A move to Napoli is absolutely possible, but not without its difficulties. Osimhen is the only player Napoli have ever signed for a transfer fee higher than the one Chelsea are demanding for Lukaku. President Aurelio De Laurentiis has never sanctioned such a level of financial investment in a player over the age of 30. Then there is the Belgian’s gargantuan salary. Napoli have slashed their wage bill dramatically in the past two years, which was part of the motivation for sending Kalidou Koulibaly to Stamford Bridge in the summer of 2022.

The biggest limiting factor on Lukaku’s market appeal is that he is 31 and three years removed from his last season of prime attacking production working under Conte at Inter. ‘Old and expensive’ is not the recruitment philosophy of any of the relatively few European clubs with the financial means to take Lukaku off Chelsea’s hands permanently.

There is no evidence Fenerbahce should be on that shortlist, even if they are now in thrall to Mourinho. He also played down the notion after his unveiling earlier this month. “Names of my previous players of my previous clubs,” he said. “I want to make it 100 per cent my word, I have zero interest in any player of AS Roma.”

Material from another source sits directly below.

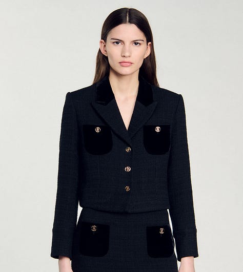 Sandro Velvet Tweed Cropped Jacket - velvet and tweed? The dream combination. I feel it’ll look really nice with high waisted jeans!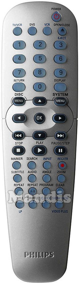 Power, TV/VCR, DVD, VCR, Open/Close / Eject, 1, 2, 3, 4, 5, 6, 7, 8, 9, 0, Return, Display, Disc Menu, System Menu, Up, Left, OK, Right, Down, I<<, >>I, Stop, Play, Pause / Step, Marker, Search, Input, Rec / ITR, Subtitle, Audio, Angle, Zoom, Repeat, Repeat A-B, Program, Clear, Title / LP, Shuffle, C.Lock, Show View / Video Plus

It is little surprise, then, that Lukaku signalled greater openness to the prospect of a move to Saudi Arabia in an interview with Belgian broadcaster VTM last week. “Saudi Arabia wouldn’t stop me,” he said. “The level will only increase, to a much higher level than many people think.

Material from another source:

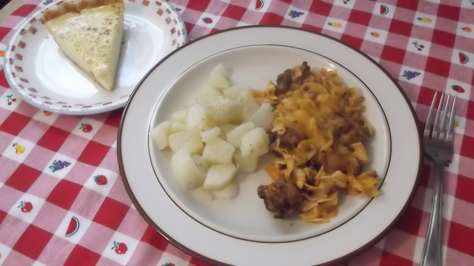 Hamburger-noodle casserole, boiled-buttered potatoes, custard pie.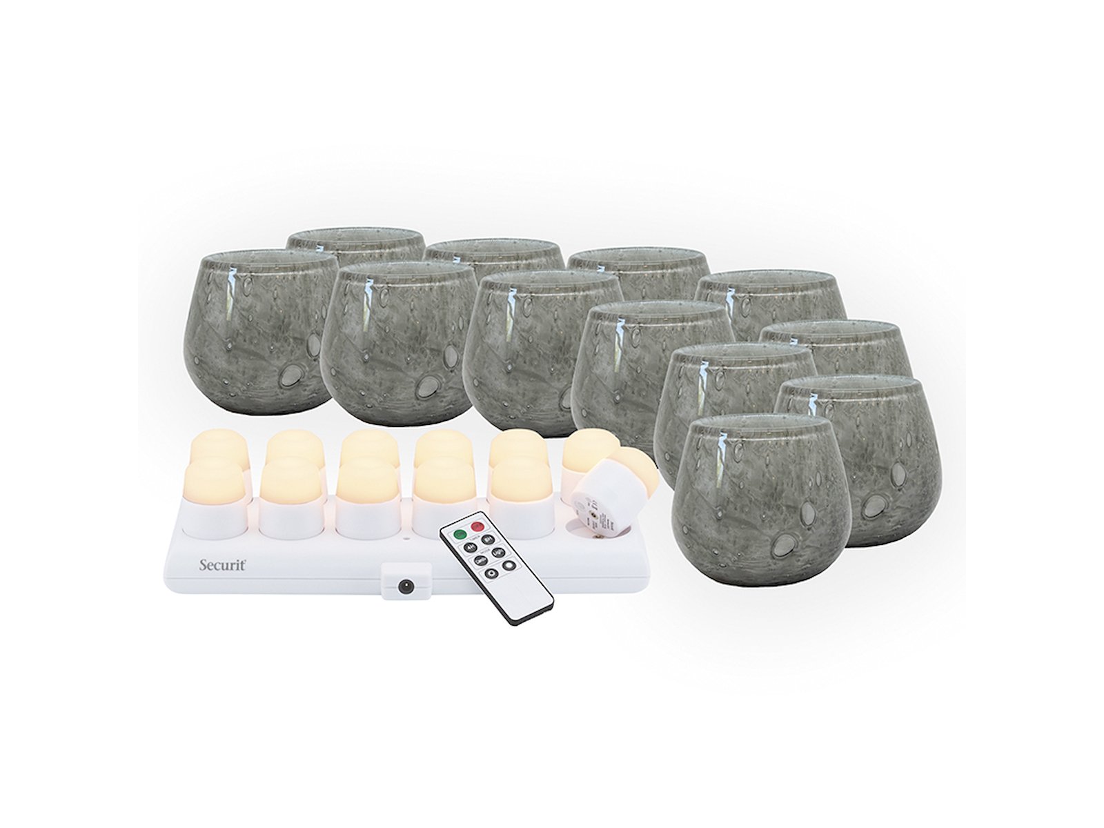 The Securit Luna candle holder set combines elegant hand-blown glass design with modern LED technology. The set includes 12 gray candle holders made from recycled glass, each featuring its own unique pattern, along with 12 LED tealights that create a realistic flame effect. This set is made in the EU and designed for both professional environments and home use.

“More and more football players will tend to play there because of how the fans there experience football. The infrastructure still needs to be improved, but all major European top clubs know, ‘Saudi Arabia is coming’. You already see that in boxing, golf, Formula 1…”


Lukaku has worked well with Conte, now in charge of Napoli, over the years (Miguel Medina/AFP via Getty Images)

Lukaku added that he had been “scared” when first presented with the chance to join Saudi Pro League champions Al Hilal last summer, unsure about the level of the football. What will scare Chelsea more is the idea that he has come around to the idea a year too late, when the options to agree a deal that satisfies all parties are greatly reduced.

It has not escaped notice around Europe that Saudi Pro League clubs are significantly more restrained than they were last summer, when a splashy recruitment drive disrupted the transfer market and led to a wave of high-profile players following Cristiano Ronaldo to the Gulf, enabling proactive sellers like Chelsea to unload expensive veterans in the process.

Big spending then was largely confined to the four clubs owned by Saudi Arabia’s Public Investment Fund: Al Hilal, Al Nassr, Al Ahli and Al Ittihad. The only other Saudi Pro League clubs who have marked themselves out as potential suitors for major European players are Steven Gerrard’s Al Ettifaq and newly-promoted Al Qadsiah, owned by Saudi Aramco.

Lukaku’s wariness last summer prompted Al Hilal to move on to Aleksandar Mitrovic, who went on to score 28 league goals in their title-winning season. Al Nassr have Ronaldo up front, Al Ahli have Roberto Firmino and Al Ittihad have Karim Benzema. With only eight slots allowed for foreign players in Saudi Pro League squads (with two more added for players aged 21 or younger for next season), there is not much incentive to invest heavily in another pure No 9.

Saudi Pro League clubs will undoubtedly browse Europe’s transfer market with interest again this summer, but it is far from assured that Lukaku will be the priority he was 12 months ago. If he is not, Chelsea’s hopes of creating a viable market to sell him at their valuation look forlorn. Much could rest on Lukaku’s long-standing relationship with former Stamford Bridge technical director Michael Emenalo, now director of football for the Saudi Pro League.

Lukaku can help his cause by firing Belgium through a favourable Euro 2024 group that pits them against Slovakia, Romania and Ukraine. He has every incentive to do so and Chelsea have every reason to cheer him on because neither party wants to kick the can down the road again on a loveless union that, incredibly, still has two years left to run.